_What you need to do_
Copy without pictures. Please restate each line of the listing exactly.

_Data segment_
== Segment start ==

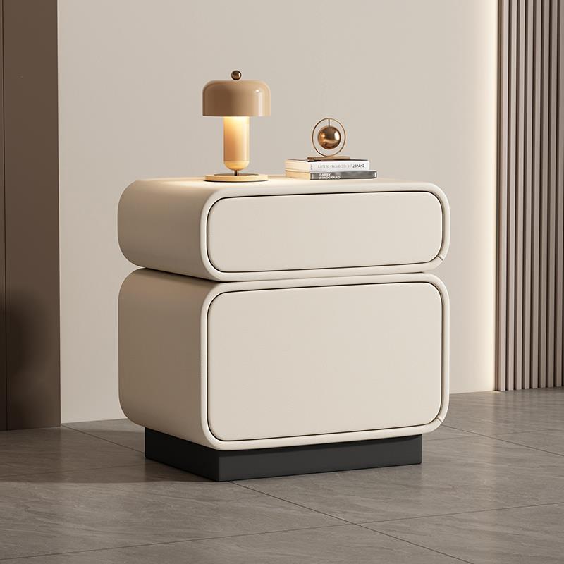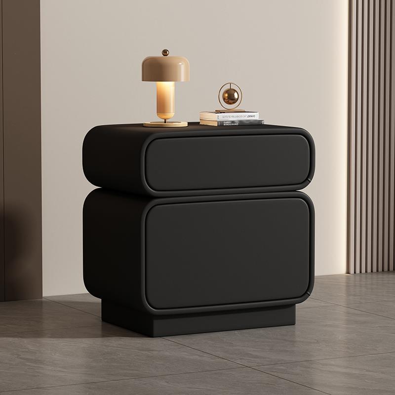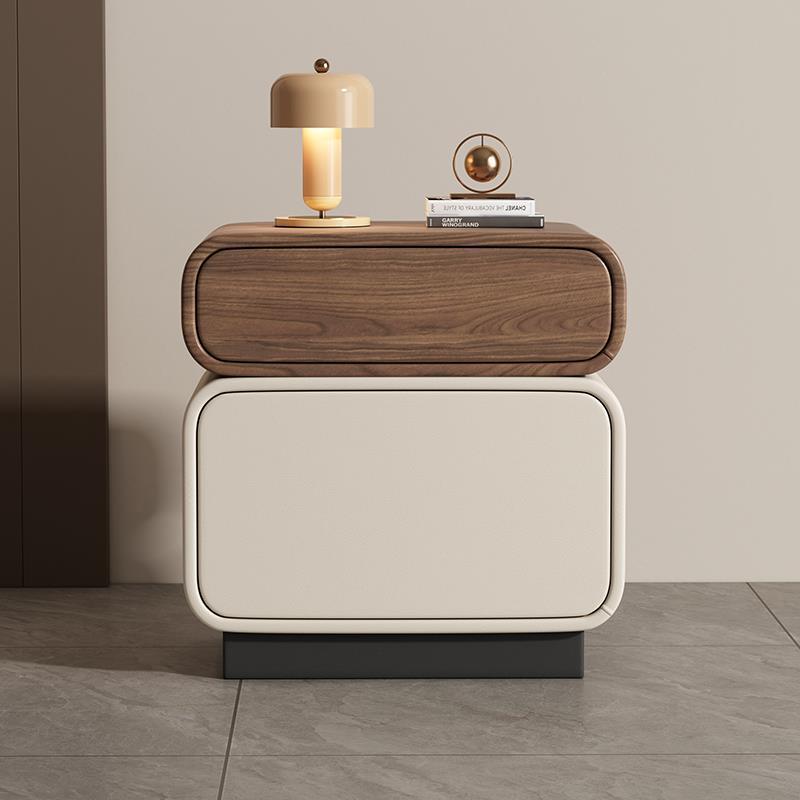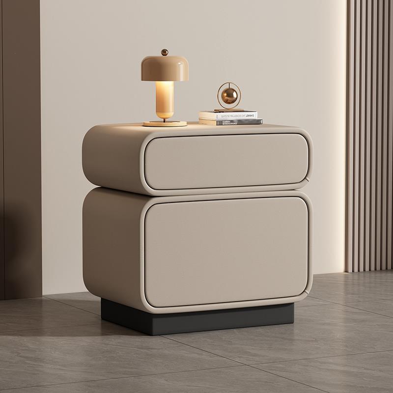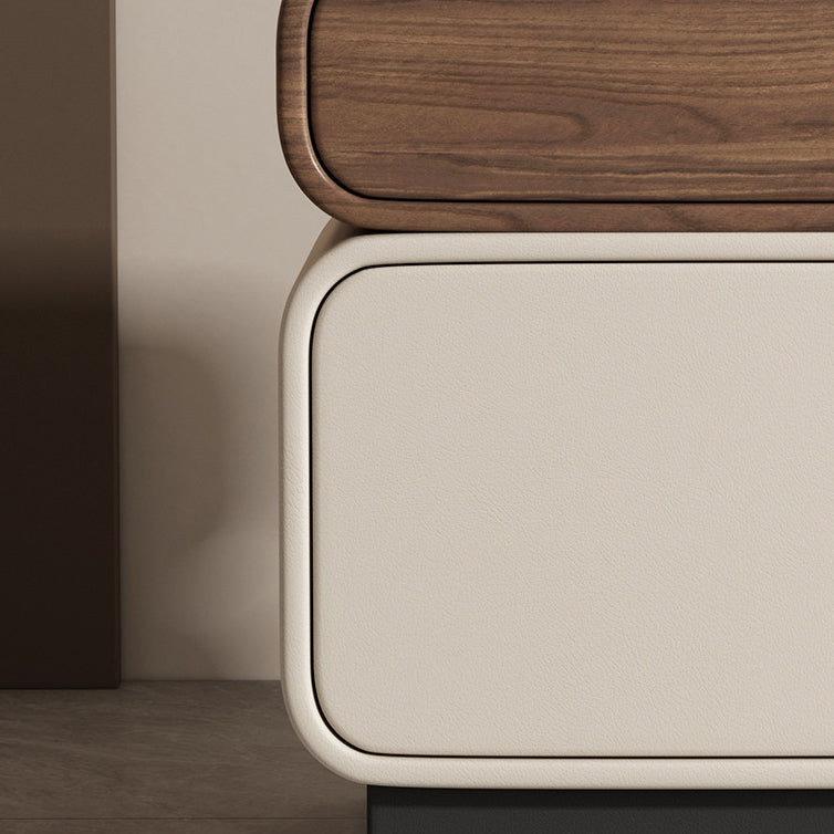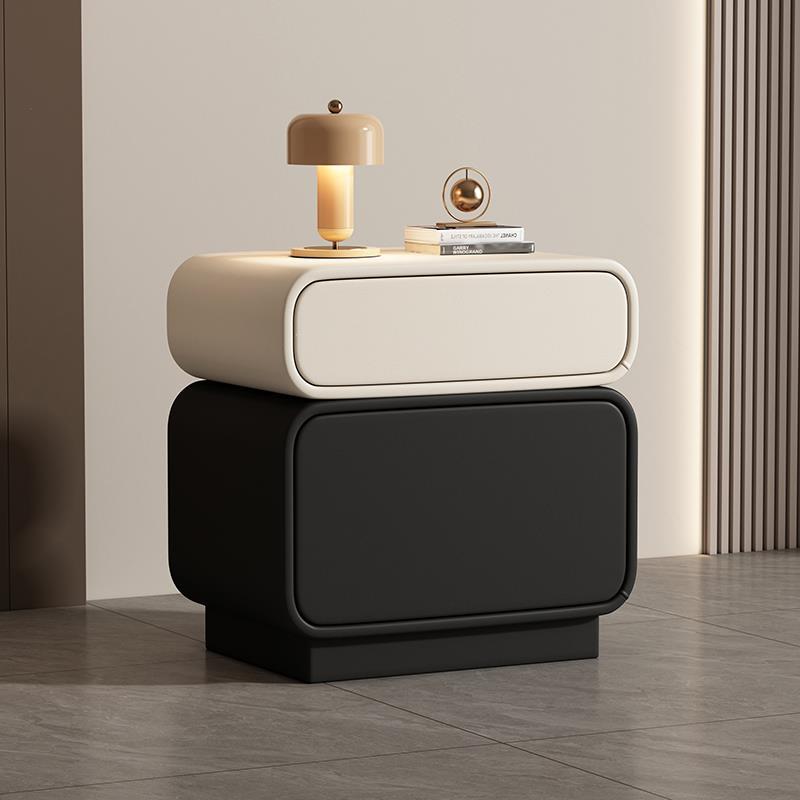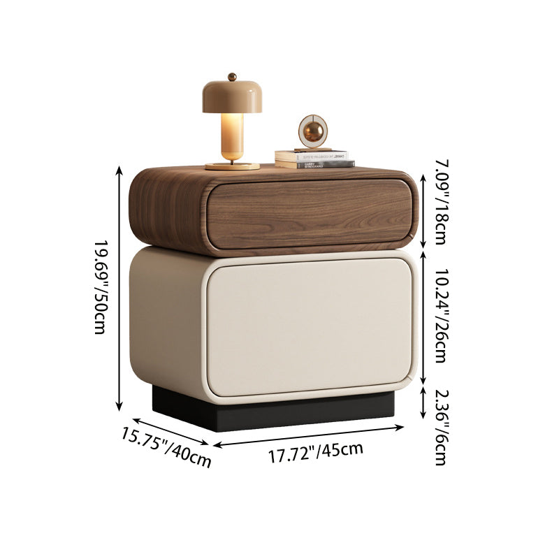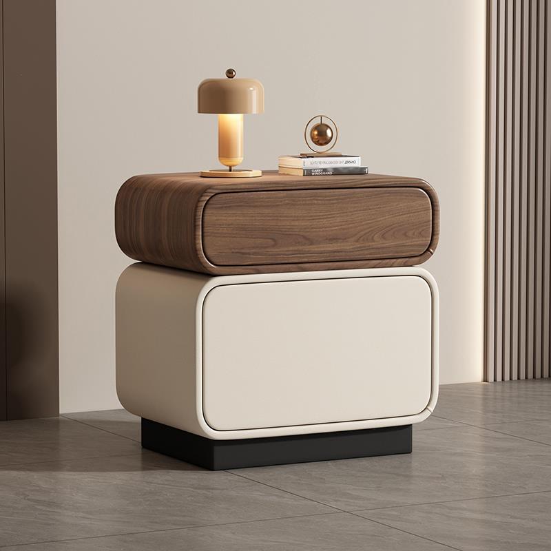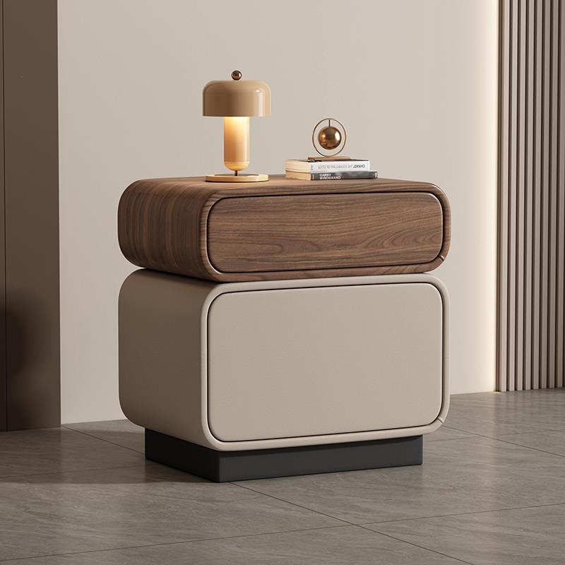 This traditional Chinese–inspired luxury nightstand features a refined blend of solid wood and faux leather, highlighted by a rounded square silhouette that adds softness and safety to modern bedrooms. Designed with two push-to-open drawers, smooth rebound slides, and anti-collision curved edges, it provides practical bedside storage in walnut, beige, khaki, light gray, and black while maintaining a clean, elegant look ideal for contemporary bedroom interiors.
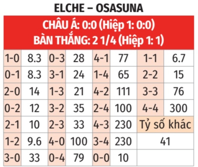 - Tối thiểu 3 bàn cả trận: 9/11 trận đấu gần đây của Elche kết thúc với ít nhất 3 bàn thắng. Tình trạng tương tự xảy ra ở 5 trận gần nhất của Osasuna.
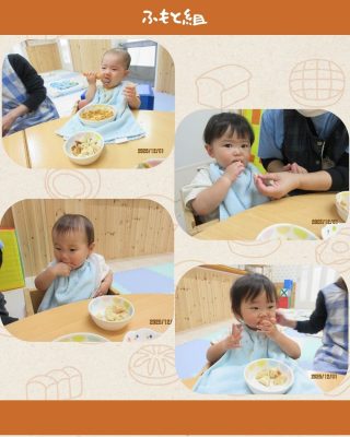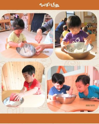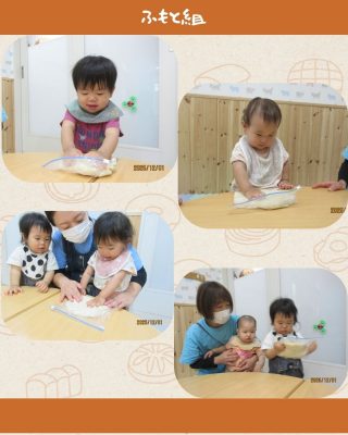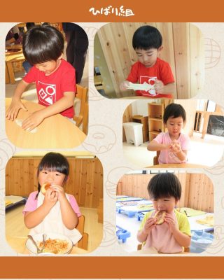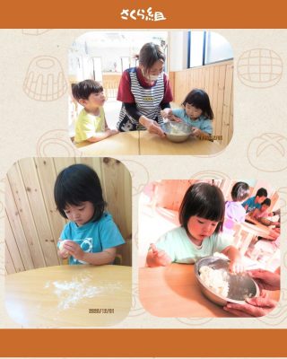 さくら組・ひばり組は、自分たちでボウルの中に材料を入れて、まぜまぜ😊生地を好きな形にしました🍞

== Segment end ==

_Reply to the exercise_
 This traditional Chinese–inspired luxury nightstand features a refined blend of solid wood and faux leather, highlighted by a rounded square silhouette that adds softness and safety to modern bedrooms. Designed with two push-to-open drawers, smooth rebound slides, and anti-collision curved edges, it provides practical bedside storage in walnut, beige, khaki, light gray, and black while maintaining a clean, elegant look ideal for contemporary bedroom interiors.
 - Tối thiểu 3 bàn cả trận: 9/11 trận đấu gần đây của Elche kết thúc với ít nhất 3 bàn thắng. Tình trạng tương tự xảy ra ở 5 trận gần nhất của Osasuna.
 さくら組・ひばり組は、自分たちでボウルの中に材料を入れて、まぜまぜ😊生地を好きな形にしました🍞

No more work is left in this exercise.